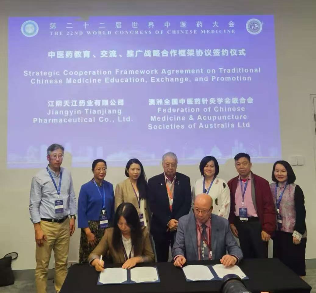 In 2025, Jiangyin Tianjiang Pharmaceutical Co., Ltd. and the Federation of Chinese Medicine & Acupuncture Societies of Australia (FCMA) formally signed a strategic cooperation framework agreement, initiating comprehensive collaboration in the fields of traditional Chinese medicine education, academic exchange, and promotion. The signing ceremony was attended by, among others, representatives from Tianjiang Pharmaceuticals and Mr. Liu Chijing, a representative from FCMA.
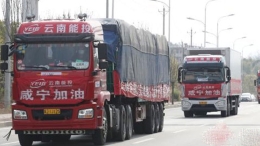 听到记者打电话,一位正在旁边休息的曲靖货车司机主动告诉记者:“他们应该也快到了,今天一大早我们车队在高速公路上还遇到了他们大理的车队,还碰到了丽江的车队,都是拖物资来咸宁的。”
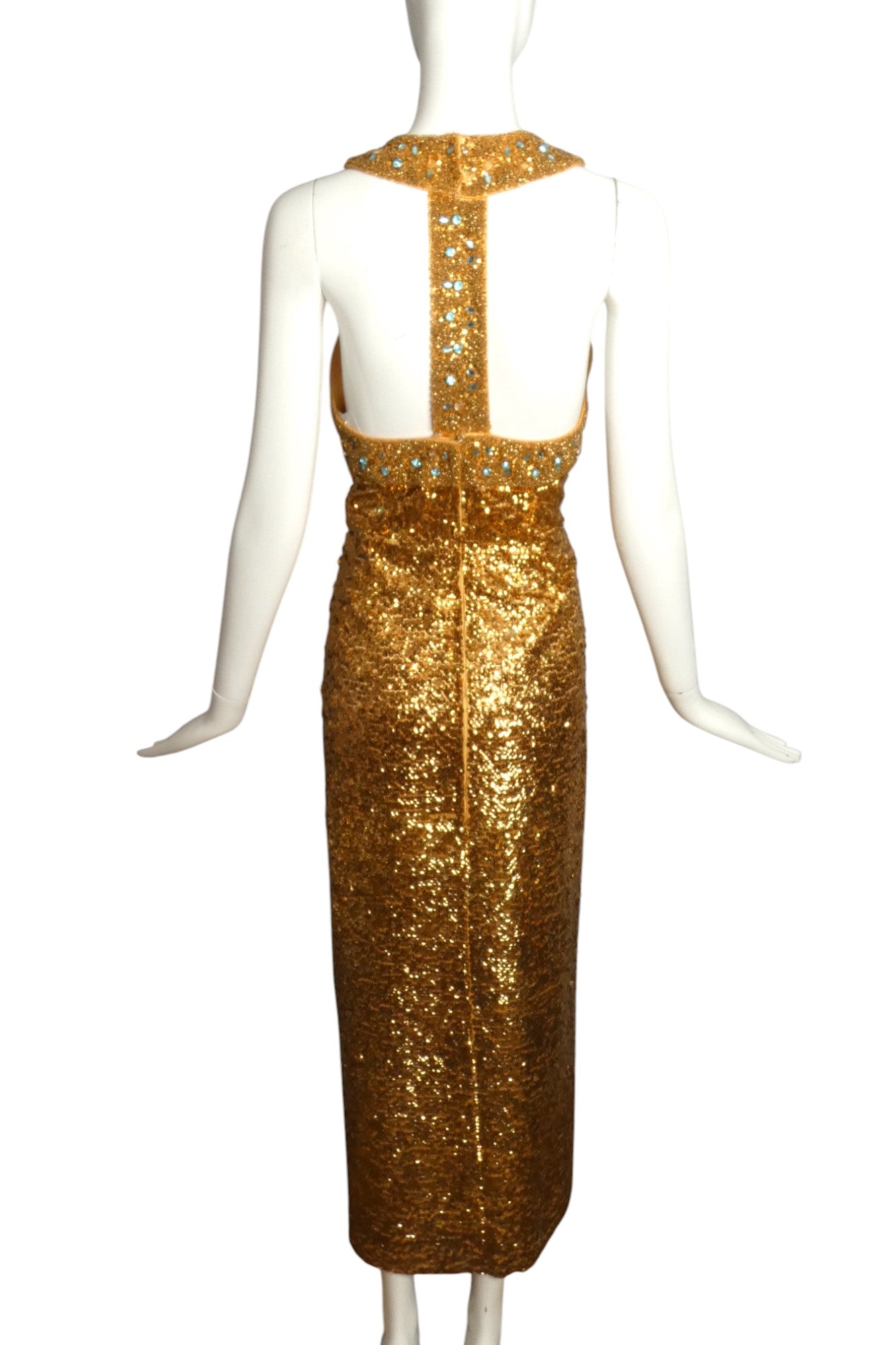 1960s Gold Sequin & Bead Halter Gown, Size 4
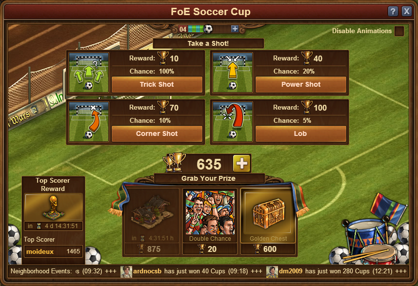 Tiden har kommet! Den viktigste turneringen i Forge of Empires' verden vil starte den 12. juni. Erfarne fotballspillere vil ankomme ditt nabolag for å delta i FoE-fotballmesterskapet! Har du nok mot til å lede din by inn i seier gjennom en utfordrende straffesparkkonkurranse? Hva vil du velge? Et sikkert skudd til moderat suksess, eller vil du velge en mer sostifikert og risikofull - men potensielt mer profiterende - vei? Valget er ditt, manager!

# # # # #

- _Task goal_: None of the pictures belong in the copy; repeat all other material exactly.

- _Written solution_:
 In 2025, Jiangyin Tianjiang Pharmaceutical Co., Ltd. and the Federation of Chinese Medicine & Acupuncture Societies of Australia (FCMA) formally signed a strategic cooperation framework agreement, initiating comprehensive collaboration in the fields of traditional Chinese medicine education, academic exchange, and promotion. The signing ceremony was attended by, among others, representatives from Tianjiang Pharmaceuticals and Mr. Liu Chijing, a representative from FCMA.
 听到记者打电话,一位正在旁边休息的曲靖货车司机主动告诉记者:“他们应该也快到了,今天一大早我们车队在高速公路上还遇到了他们大理的车队,还碰到了丽江的车队,都是拖物资来咸宁的。”
 1960s Gold Sequin & Bead Halter Gown, Size 4
 Tiden har kommet! Den viktigste turneringen i Forge of Empires' verden vil starte den 12. juni. Erfarne fotballspillere vil ankomme ditt nabolag for å delta i FoE-fotballmesterskapet! Har du nok mot til å lede din by inn i seier gjennom en utfordrende straffesparkkonkurranse? Hva vil du velge? Et sikkert skudd til moderat suksess, eller vil du velge en mer sostifikert og risikofull - men potensielt mer profiterende - vei? Valget er ditt, manager!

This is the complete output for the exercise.